I feel myself slipping. Slipping into the underground world. When you are in this much pain you will accept relief anywhere. I want heroine, but I don’t know anyone or anywhere who has it. My friends are not part of this world which is enticing me like the deceptively calm waters of a rip, pulling me so far away from the shore that I barely know who I am anymore. I heard there is a man in the neighbourhood who does drugs. He works as a logger, frequently bringing wood home and chain sawing it or grinding it in his machine, subjecting the whole neighbourhood to his incessant noise. He has kids who are just as loud and obnoxious and love riding motor bikes around the yard. Apparently he even owns a gun and has threatened the neighbours with it before. I used to hate him, but now I think about knocking on the door and asking if he can help me.
Alcohol is easier to get hold of. I never understood why people drank until now. I enjoy getting intoxicated. My head begins to spin. The whole room begins to spin. I cannot do anything but stumble into bed. For a while things don’t bother me like they used to, even noise. It’s like being in a room lined with cushions. I feel like I’m floating in some kind of alternate universe. I can tell it is a heavy substance. I used to guard my body and not allow stuff like this in, but now I am breaking all my rules. My doctor said if I mix the alcohol with my medications I could stop breathing. I didn’t tell him, but that’s kinda what I want.
The mental health system has completely taken over and destroyed my life. I no longer study, I don’t work, I rarely see friends, I have clinical depression and some of the medications I’ve been given have left me with new problems I didn’t already have. I don’t buy new clothes thinking they would be nice to wear to a party or night out. I think “this would be nice to wear when I see my case worker Jordan”. Sad, huh? That is why it’s so devastating this talk of discharge. It’s like losing everything. I’ve been trying to turn to my friends more…. open up to them and strengthen those relationships. One friend, however, asked me to stop talking about suicide with her as she finds it too distressing. I felt so alone in all of this.
The service is stuck in the medical model. If they’re not experimenting on people with drugs, they feel useless. They don’t recognise how important relationships are, even though research now shows that what influences recovery most is not the kind of therapy we’re doing but the strength of the relationship we have with our worker/therapist.

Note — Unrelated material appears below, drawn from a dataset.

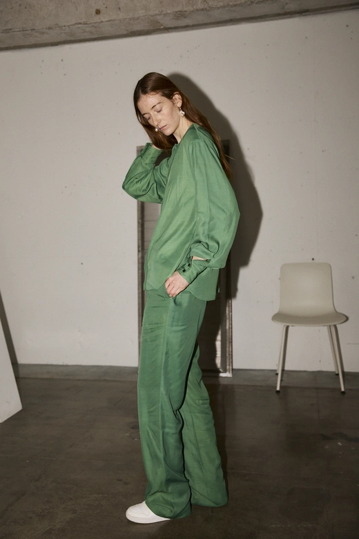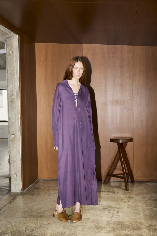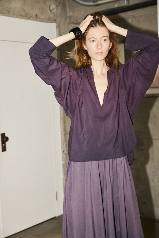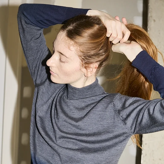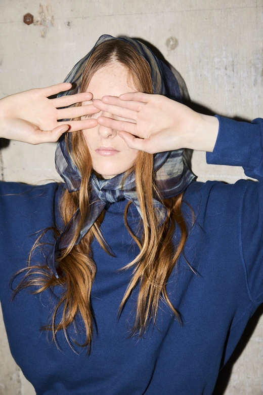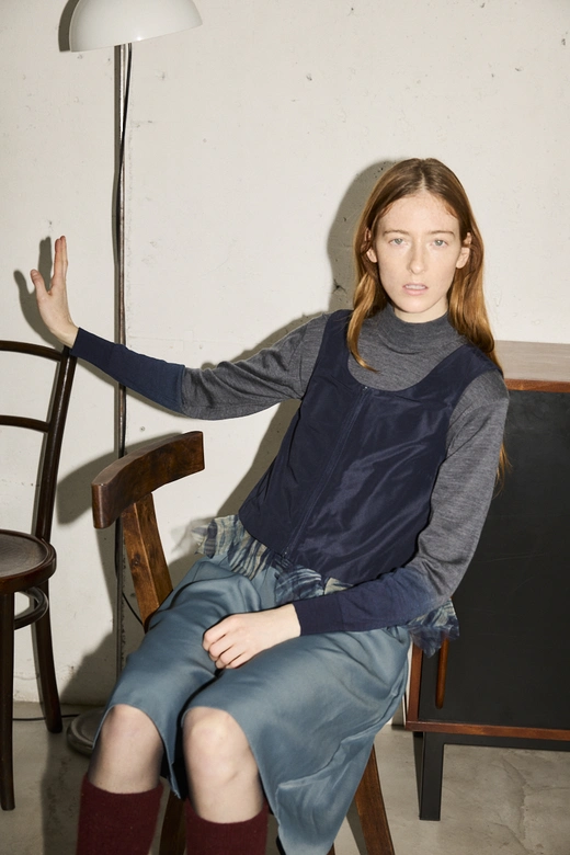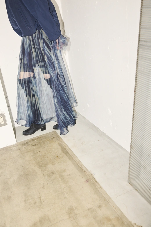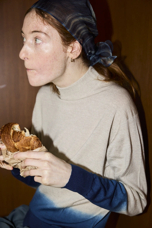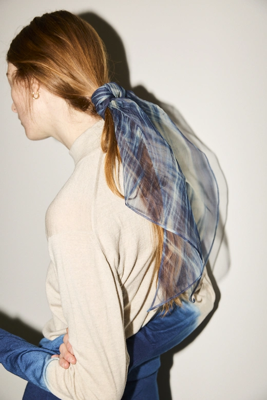本コレクションでは、<JOHN SMEDLEY>の人気モックネックモデル「AMITY」をベースに、<ŌME>ならではの藍によるグラデーション染めを施されている。クラシックなソリッドカラーとは一線を画す、奥行きのある風合いが見どころである。

I feel invisible to them. If I’m not manic or psychotic they don’t care. Somebody who knows the system all too well told me if I want to stay longer then I’ve got to act like I’m hearing voices. I’ve got to walk around screaming at the voices and when asked who I’m talking to say “I can’t tell you”. Then I’ve got to scream at the wall, whisper to the window and “have an argument with the chair”. I must never say what is really happening, that will never help me. If I explain I am sick and I need to stay they will think “who are you to think this, we know best not you.” They equate level of “insight” with level of wellness. I’m told they have a whole lot of people who are really sick needing their service. How can they not see that I am sick too, even after two hospital admissions in a fortnight, two catatonic episodes, suicidal thoughts every single day, and a public outburst where I was screaming and kicking the walls of my psychologist’s foyer. Still, my case worker will not take back the threat of discharge. I wish he could walk in the shoes of someone suffering from BPD for just one day. I think they’re a bunch of abusers who do what they like to people. They will discharge people like me even when it traumatises them. And they will make other people stay, forcing them to take medication even when that traumatises them. What they’re looking at in me right now is not just autism. This is PTSD, and my psychologist will agree with me on that. They are traumatising someone just to make space for someone who doesn’t even want to be part of their service. It’s wrong on every level. My parents are fighting for me to stay on and are waiting to hear back from my case worker’s boss right now. They are upset they weren’t consulted about this.
Today I saw one of the doctors at the clinic and he took my weight. I had lost a few kilograms since I last weighed myself. I felt very pleased, and want to lose more. I like to look as impoverished as I feel on the inside. I like it when people can see there is something seriously wrong.
I will continue to bleed my feelings onto this blog. One day, if I survive this, I may publish all of my blog entries. “It is writing that truly rescues, that enables us to reach the shore, to recover,” said Bell Hooks.